The sites which were studied by Meindl and Lovejoy are

1. Mid lambdoid
2. Lambda
3. Obelion
4. Anterior sagittal
5. Bregma
6. Mid coronal
7. Pterion
8. Sphenofrontal
9. Inferior sphenotemporal, and
10. Superior sphenotemporal

The sites are shown in the Figure 4. The vault system consisted of the first seven sites and the last three, combined with pterion and mid coronal were referred to as the lateral-anterior system. Each site was scored as given in the Tables 9&10.²⁶ Meindl and Lovejoy concluded that the relation between degree of cranial suture closure and age is general. Key and co-workers in 1994, studied three different methods of age estimation using cranial suture closure in 183 individuals from Spitalfields, London. In their study they compared techniques proposed by Acsadi and Nemeskeri, Meindl and Lovejoy and Perizonius. Thirty six ectocranial and 18 endocranial sites of the cranial sutures were examined. Scores for cranial suture closure was allocated as given in the.^26–29 Though age estimation from endocranial suture closure is applicable between wide age limits only, Acsadi and Nemeskeri maintained that endocranial suture closure is an important age marker, especially when used with other age indicators. Meindl and Lovejoy categorised the ectocranial sutures into two sets namely,

Figure 4 Ten sutures sites studied by Meindl et al.²⁶

1. The lateral anterior system which is comprised of coronal and sphenoid suture sites and
2. The vault system which included lambdoid, coronal and sagittal suture sites.

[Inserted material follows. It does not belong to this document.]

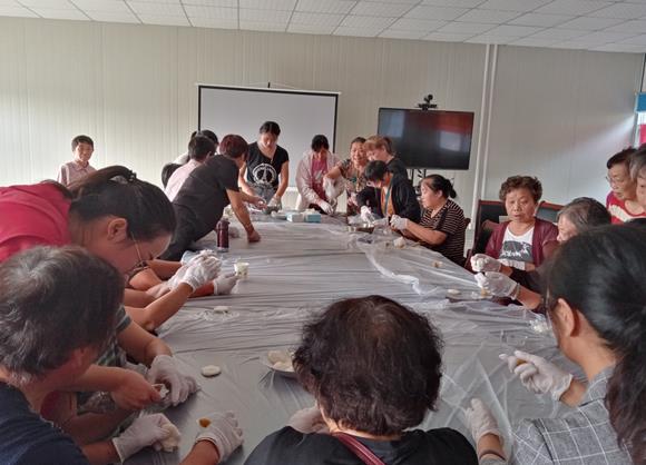 為表現(xiàn)闔家團(tuán)圓、喜慶豐收和對(duì)美好生活向往的主題,講座結(jié)束后,迎來(lái)今年中秋的特別活動(dòng)——DIY冰皮月餅的制作。社區(qū)工作人員將準(zhǔn)備好做月餅的原料、豆沙、黑芝麻餡料、手套、模具等材料一一擺放好。在工作人員的指導(dǎo)下,現(xiàn)場(chǎng)示范制作制作手工冰皮月餅的技巧,為大家詳細(xì)講解了月餅的制作過(guò)程后,便開始親自動(dòng)手。按照步驟:揉面團(tuán)、包餡、放模具內(nèi)按壓成型。大家第一次看到做月餅,心情激動(dòng),都迫不及待想要體驗(yàn)一番。大家圍成一桌,學(xué)著面點(diǎn)老師教的方法和步驟一起開始做月餅。在場(chǎng)的居民在制做的過(guò)程中都很細(xì)致和認(rèn)真,生怕一不小心用力過(guò)猛,捏壞了,大家看到自己第一次制作的冰皮月餅,從自己手中成型,都異常興奮和滿足。做完后很多居民迫不及待的就開始吃了起來(lái)。從做月餅到吃月餅的一套流程讓居民朋友們以另外一種方式體驗(yàn)了中國(guó)傳統(tǒng)佳節(jié)的魅力和美好。

Authors found that for both lateral anterior and the vault systems, Meindl and Lovejoy’s sample mean ages were significantly lower than the Spitalfields’ sample mean ages (p< 0.01). This indicated delayed cranial suture closure in the Spitalfields sample than Meindl and Lovejoy's sample. This was attributed to the inter-population difference between the Meindl and Lovejoy sample and the Spitalfields crania.^26,28 Perizonius defined two separate systems

1. Individuals older than 50 years of age and
2. Individuals younger than 50 years of age referred to as O system and Y system respectively.

The Y system was based on the endocranial suture sites, whereas the O system was based on both ectocranial and endocranial suture sites. The results were obtained from the composite suture closure scores.^27,29 Results concluded that the Acsadi and Nemeskeri technique, which was based on endocranial sutures sites, could be used to distinguish between young and middle aged individuals. However, this technique did not give any information for individuals above 50 years of age in the Spitalfields sample. The O system of Perizonius method demonstrated no relationship with age in older individuals and Y system showed accuracy of only 47.2 per cent. Meindl and Lovejoy and Perizonius techniques which were based on ectocranial sutures, were found to be significantly influenced by sexual dimorphism.^26–29 In 1998, Nawrocki studied 100 crania from the Terry Collection with age ranging between 21 to 85 years. The author scored 27 cranial landmarks which included 16 ectocranial, 7 endocranial, and 4 palatal sutures. These 100 crania were sub grouped into 4 having 25 samples in each. Sutures on the vault were scored following Meindl and Lovejoy i.e. 1 cm segments along the cranial sutures were scored on a four-point scale. To improve the correlation, group-specific equations were developed.^26,30

Nawrocki’s results suggested that the equations tested performed better among males and on average it tend to underestimate the age with a moderate correlation between the summed cranial suture closure score and the age.³⁰ Zambrano in 2005 tested Nawrocki’s equations among 388 samples from three different universities namely the University of Indianapolis, the University of Tennessee at Knoxville, and the University of New Mexico at Albuquerque. The author summarized that correlations between cranial suture closure and age were comparatively lower in the modern sample than the Terry sample. It was also concluded that correlations were seen higher in the vault system for females whereas in case of males, correlations were higher in the lateral-anterior system. Zambrano’s study reaffirmed the correlation of cranial suture closure with age and reported that the pattern and/or rate of cranial suture closure was influenced by sex.³¹

Apart from the above mentioned traditionally used four skeletal traits for evaluation in adult skeletal aging, there are other variables cited in the literature which forensic anthropologists used. These variables could be used in conjunction with the above mentioned conventional methods. 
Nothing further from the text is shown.